Implementation details that matter:

  1. Use a fast, cheap model for context generation (Haiku/Flash, not Opus/GPT-4). The context is a brief summary, not complex reasoning.

  2. Use prompt caching for the document portion. The same large document is sent N times (once per chunk). Caching the document tokens reduces preprocessing cost by approximately 90%.

  3. Anthropic reports $1.02 per million tokens with prompt caching for contextual retrieval preprocessing. This is the real production cost benchmark.

  4. The generated context is not shown to users. It only affects the embedding and BM25 index.

Late Chunking: ContextAware Embeddings

Late chunking (Günther et al., Jina AI, 2024) addresses context loss through a different mechanism.
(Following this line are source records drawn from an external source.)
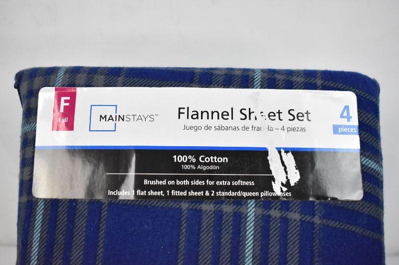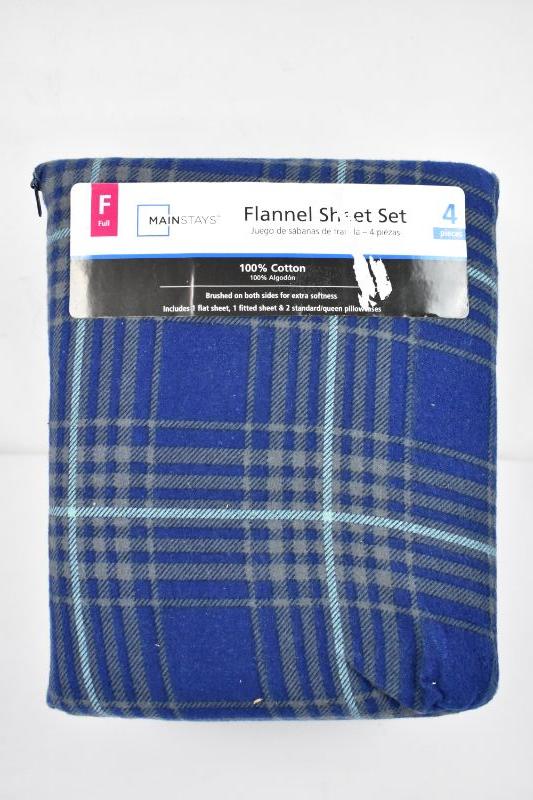 Flannel Sheet Set Full Size, 4 pieces, Navy, Gray, & Aqua - New
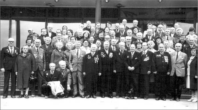 Ветераны Великой Отечественной войны. Защитники и освободители Моонзундских островов на встрече в Лениграде 14.09.1985 г. Я. М. Вьюгин в первом ряду 7-й справа.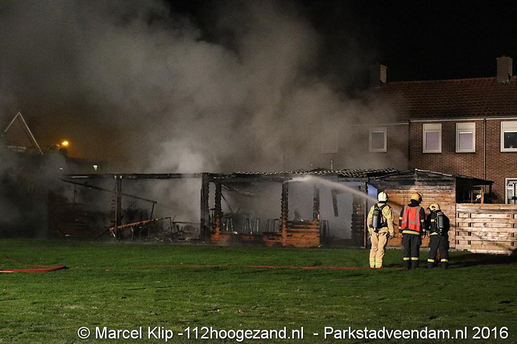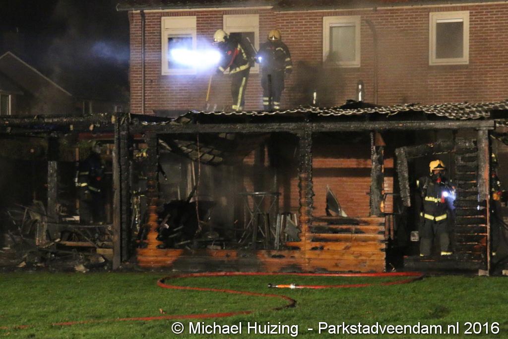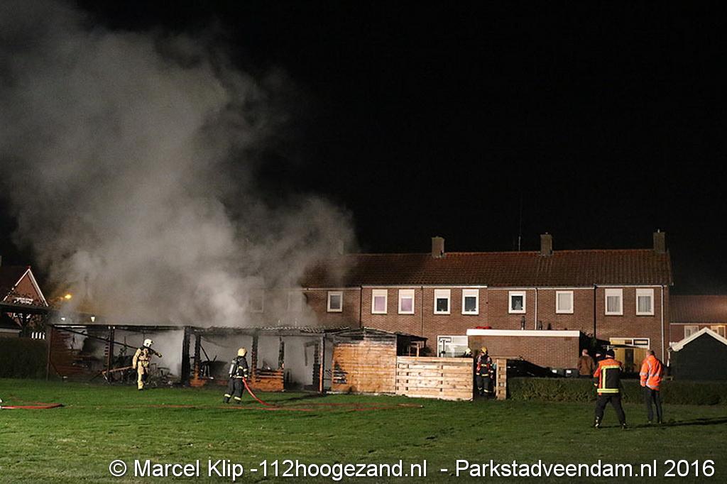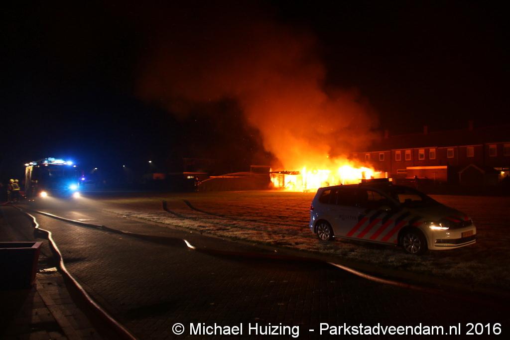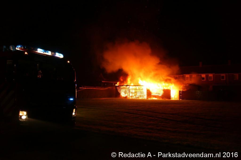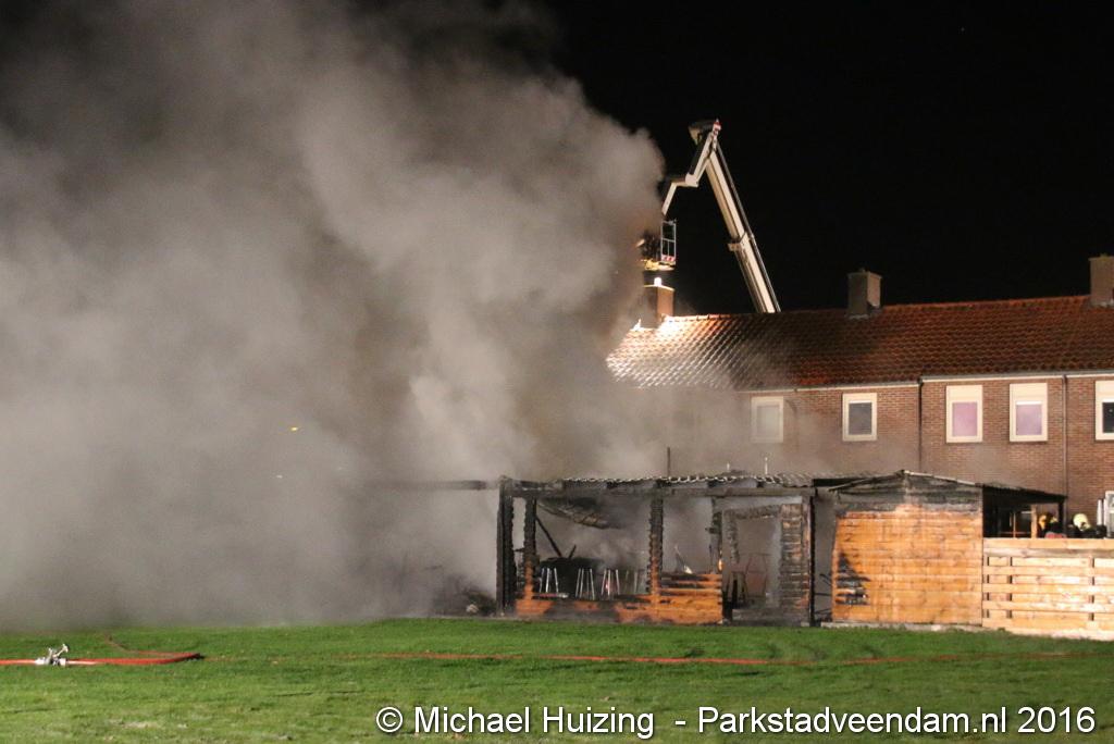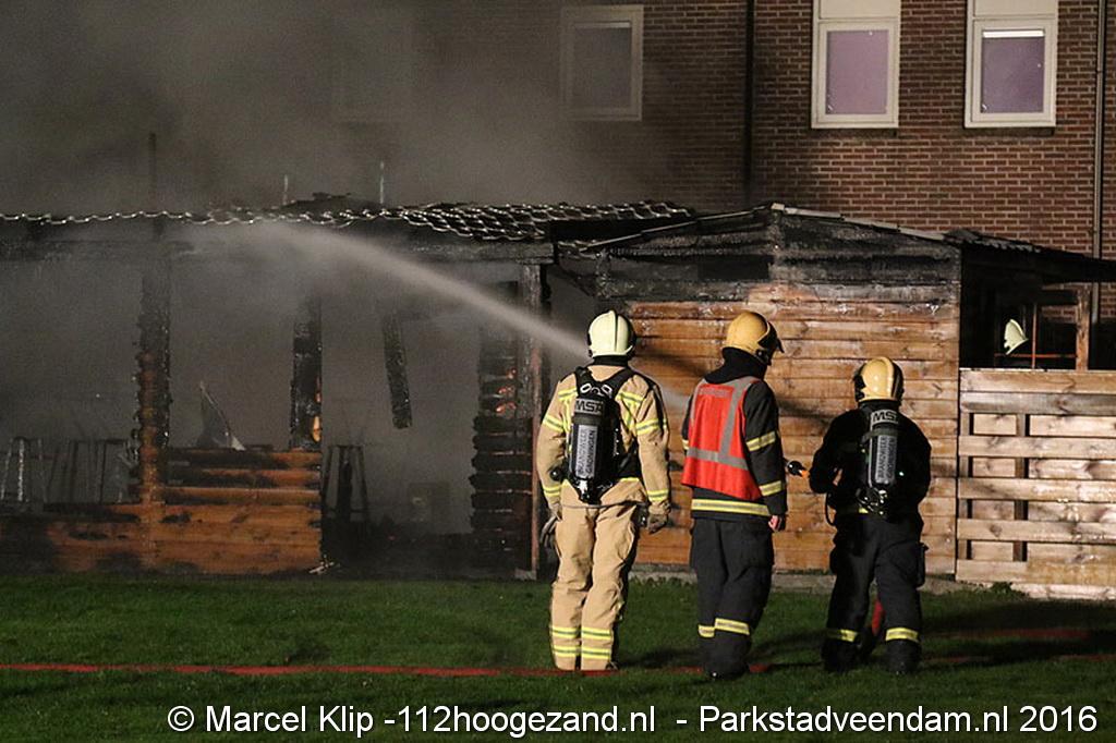 Persvoorlichter brandweer meld: We zijn de brand meester. De geschakelde schuurtjes achter meerdere woningen zijn door de brand grotendeels verloren gegaan. We blussen de gloeiende resten na. Door snel optreden hebben we de woningen kunnen behouden. We controleren en ventileren deze.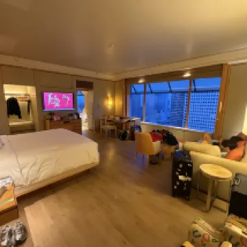 The room was quite spacious, and the complimentary children's toiletries were a nice touch. The octagonal bay window with the bathtub was absolutely beautiful. They also had a fun 'kids' check-in' activity where children received free ice cream. However, it was a bit disappointing that the kids' play area wasn't open every day, so we didn't get to experience it. Room service was a little slow, but the lobby staff were incredibly helpful. When we wanted to go to Ya Kun Kaya Toast, a staff member actually walked us all the way to the restaurant.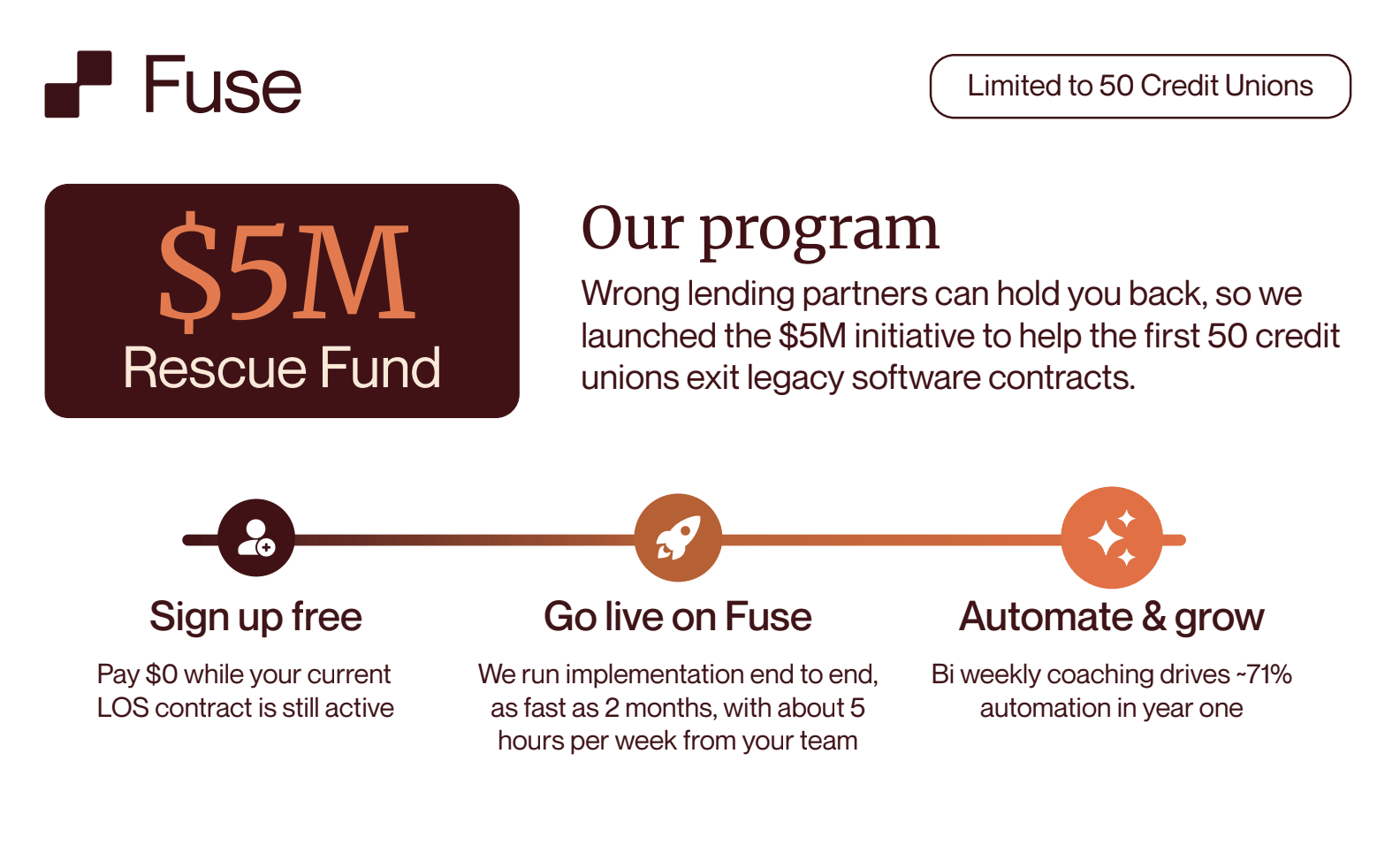 Today, the company is announcing a $5M Rescue Fund for Credit Unions, enabling the next 50 qualifying credit unions who join Fuse to receive full use of the Fuse platform free of charge until their existing LOS contract expires.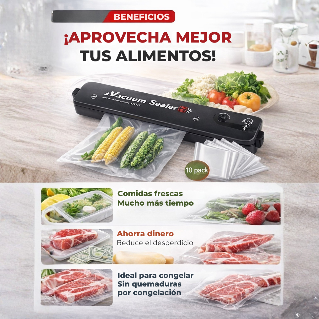 Con nuestra selladora al vacío eliminas el aire de las bolsas, prolongando la frescura y manteniendo tus alimentos protegidos por más tiempo.

Rather than generating context text to prepend, it processes the full document through the embedding model first, then chunks the resulting token embeddings.

In standard chunking:

  1. Split document into chunks
  2. Embed each chunk independently
  3. Each chunk embedding lacks document-level context

In late chunking:

  1. Pass the full document through the embedding model's transformer layers
  2. Extract token-level embeddings (each token has its own embedding that incorporates bidirectional attention over the full document)
  3. Apply mean pooling to the token embeddings for each chunk's token range

Each chunk embedding now incorporates information from the full document context, because the transformer's attention mechanism operated over the full sequence when computing each token's representation.

import torch
import numpy as np
from transformers import AutoTokenizer, AutoModel
 
def late_chunking_embed(
    text: str,
    chunk_boundaries: list[tuple[int, int]],  # (start_char, end_char) pairs
    model_name: str = "jinaai/jina-embeddings-v2-base-en",
    max_length: int = 8192,
) -> list[np.ndarray]:
    """
    Embed chunks using late chunking: process full document, then chunk embeddings.
 
    chunk_boundaries: character-level boundaries for each chunk.
    Returns: list of embeddings, one per chunk.
    """
    tokenizer = AutoTokenizer.from_pretrained(model_name, trust_remote_code=True)
    model = AutoModel.from_pretrained(model_name, trust_remote_code=True)
    model.eval()
 
    # Tokenize the full document
    encoding = tokenizer(
        text,
        return_tensors="pt",
        return_offsets_mapping=True,  # Get char-to-token mapping
        max_length=max_length,
        truncation=True,
    )
 
    offset_mapping = encoding.pop("offset_mapping")[0]  # [n_tokens, 2]
 
    # Forward pass on full document
    with torch.no_grad():
        outputs = model(**encoding)
 
    # Token-level embeddings: [1, n_tokens, hidden_size]
    token_embeddings = outputs.last_hidden_state[0]  # [n_tokens, hidden_size]
 
    # Convert char boundaries to token boundaries using offset mapping
    chunk_embeddings = []
 
    for start_char, end_char in chunk_boundaries:
        # Find tokens that fall within this chunk's character range
        token_mask = (
            (offset_mapping[:, 0] >= start_char) &
            (offset_mapping[:, 1] <= end_char) &
            (offset_mapping[:, 0] < offset_mapping[:, 1])  # Exclude special tokens
        )
 
        chunk_tokens = token_embeddings[token_mask]
 
        if len(chunk_tokens) == 0:
            # Fallback: use nearest token
            chunk_tokens = token_embeddings[:1]
 
        # Mean pool the token embeddings for this chunk
        chunk_emb = chunk_tokens.mean(dim=0)
 
        # L2 normalize
        chunk_emb = chunk_emb / (chunk_emb.norm() + 1e-8)
        chunk_embeddings.append(chunk_emb.numpy())
 
    return chunk_embeddings
 
def get_sentence_boundaries(text: str) -> list[tuple[int, int]]:
    """
    Get character boundaries for sentence-level chunks.
    Better than fixed-size for late chunking since sentences are natural units.
    """
    import re
    boundaries = []
    # Split on sentence boundaries
    sentences = re.split(r'(?<=[.!?])\s+', text)
 
    pos = 0
    for sentence in sentences:
        start = text.find(sentence, pos)
        if start == -1:
            continue
        end = start + len(sentence)
        boundaries.append((start, end))
        pos = end
 
    return boundaries
 
# Benchmark: late chunking vs standard chunking on BeIR datasets
# Dataset          | Standard | Late Chunking | Improvement
# SciFact          | 64.20%   | 66.10%        | +1.9% nDCG@10
# TREC-COVID       | 63.36%   | 64.70%        | +1.3% nDCG@10
# NFCorpus         | 23.46%   | 29.98%        | +6.5% nDCG@10
# Effect increases with document length (as context from earlier text matters more)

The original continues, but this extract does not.